Why are vaccinations required to attend school? by Steve Kirsch for Steve Kirsch’s Newsletter – SubStack
My local newspaper says that if kids don’t have the required vaccines (or a medical exemption), they are not allowed to attend school. Can ANYONE explain the logic here?
I have some questions I was hoping someone could answer:
- If the vaccines work and protect kids from disease, why isn’t an individual decision as to whether or not to get them?
- If the vaccines don’t work, why are they required?
- Will any health/medical authority in the country be willing to go on camera with me and defend the California law? If you are, please let me know here.
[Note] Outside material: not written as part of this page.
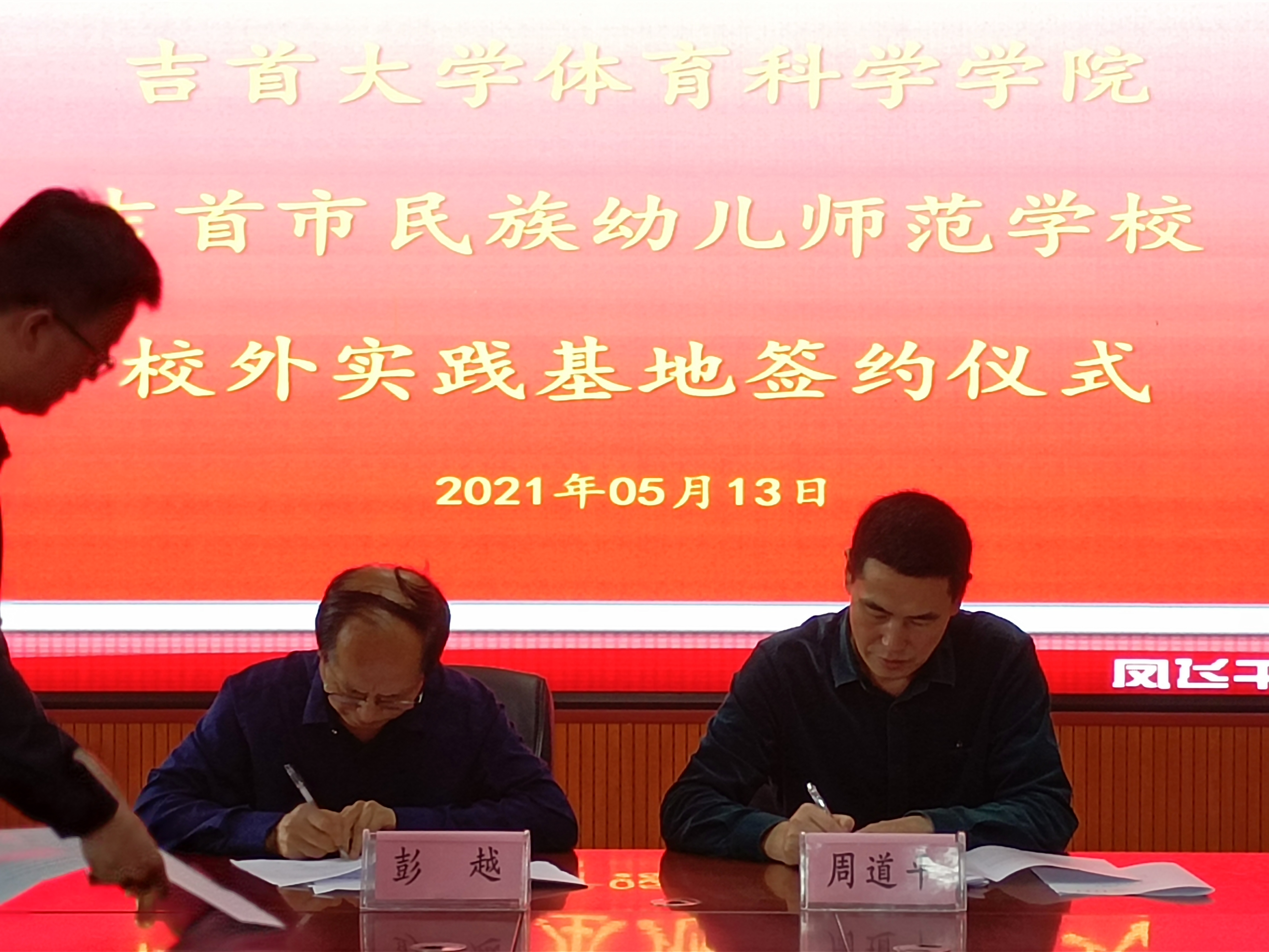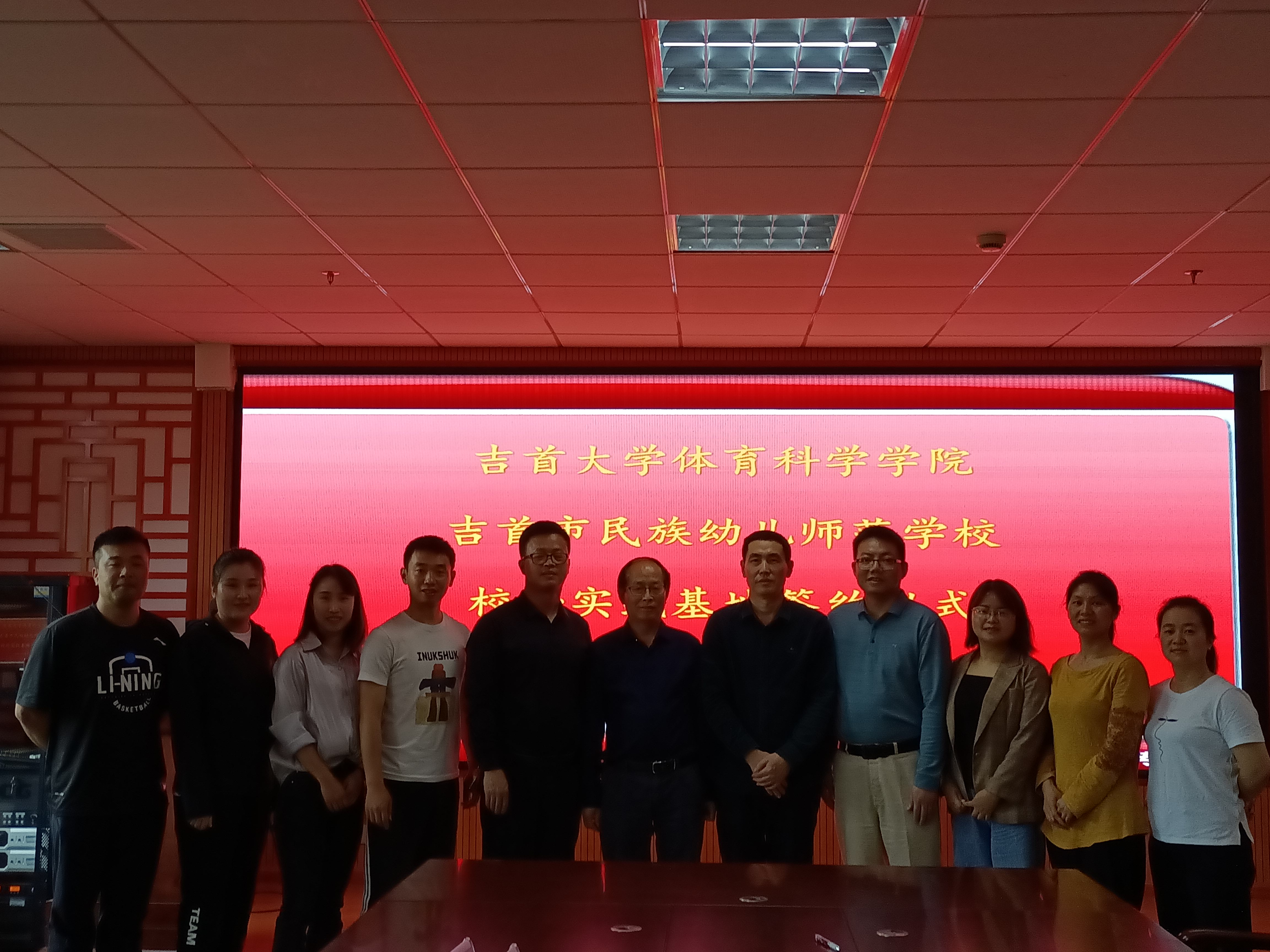 (本网讯:王澳伦)5月13日上午10点,吉首市民族幼儿师范学院彭越校长等一行六人来我院参加两校校外实践基地签约仪式,我院周道平院长、万义副院长、谌晓安、王月英、熊静梅老师出席本次仪式。仪式于总理楼体育学学院三楼答辩室举行,双方签订《师范教育实习基地建设协议书》。

If not, isn’t that telling?
- How come doctors refuse to allow parents to see the all-cause risk-benefit studies for the required vaccines that compares kids with all the required vaccines with kids who have none of the vaccines over time and looks at both morbidity (such as autism rates, etc) and long-term mortality? Obviously, these studies must exist or they wouldn’t have required these vaccines. Where are they and why are we not allowed to see them?
- Have any of the lawmakers who voted for this ever read Dissolving Illusions by Suzanne Humphries MD (Author), Roman Bystrianyk? Did the book make a mistake?
- How come the statistics from the control group are better than those from the vaccinated group?
- If the reason to vax kids is to protect those kids in school who cannot be vaccinated (medical exemption cases), then where is the study showing the overall societal risk benefit of injecting 99% of kids (who will have a negative risk benefit), to protect these at risk kids? Nobody seems to have that study. How does society ethically trade off morbidity in vaxxed kids for a morality benefit in the unvaxed?